W0061
Characterization of Multi-Phase Aerogels by Contrast-Matched Small-Angle Neutron Scattering. C. I. Merzbacher, Naval Research Laboratory, Washington, DC 20375
Contrast-matched small-angle neutron scattering (SANS) has been used to study aerogels, a class of nanostructured materials with extremely high porosities, which are often amorphous or poorly crystalline. Aerogels are typically prepared by synthesizing a sol-gel with a large liquid fraction and then removing the liquid from the pores under supercritical conditions to prevent pore collapse.
Contrast-matched SANS is a powerful tool for the structural characterization, on the scale of 2 to 100 nm, of porous materials with two solid phases. By filling the pores with a D2O + H2O mixture that matches the neutron scattering length density of one phase, it is possible to observe scattering solely from the second phase. Contrast-matched SANS has been used to investigate the structure of various multi-phase aerogels, including those described below.
Ru-Ti oxide aerogels were prepared by mixing metal alkoxide precursor solutions, followed by gelation, supercritical drying and annealing at >350 ºC in various atmospheres. Although intimately mixed in the solution phase, the resulting material consists of distinct Ru oxide and Ti oxide phases. The structure depends more strongly on annealing temperature than atmosphere.

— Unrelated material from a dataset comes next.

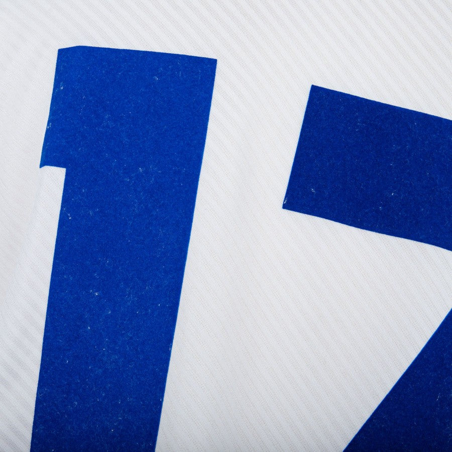 Sul retro, in vellutino e in colore blu, si trova un grande numero 17.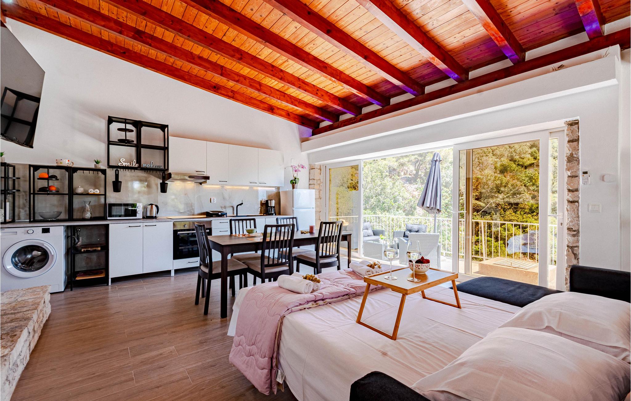 Her er det perfekte sted til en fantastisk ferie for to. Lejligheden ligger smukt placeret i en stille bugt, og der er ikke kun en stor altan, men også jeres egen terrasse, hvorfra I kan nyde udsigten til havet dag ud og dag ind. Værelset er komfortabelt og gennemtænkt indrettet, og de skønne kvalitetsmøbler sørger for god komfort.

Metal oxides have been deposited in the pores of silica aerogels by vapor phase or liquid phase infiltration, followed by reduction and oxidation. Ru oxide tends to form as particles, which coarsen with increasing annealing temperature. Iron oxide forms a conformal layer with a structure that mirrors that of the silica aerogel substrate.
Composites of silica aerogel and 5 nm - 100 nm gold colloids have been prepared by mixing Au colloid with a silica sol, prior to gelation. The effect on the silica structure due to the presence of the Au was determined by filling the pores with a Au-matching D2O+H2O mixture.
This work was supported in part by ONR, DARPA and the NSF under Agreement No. DMR-943101.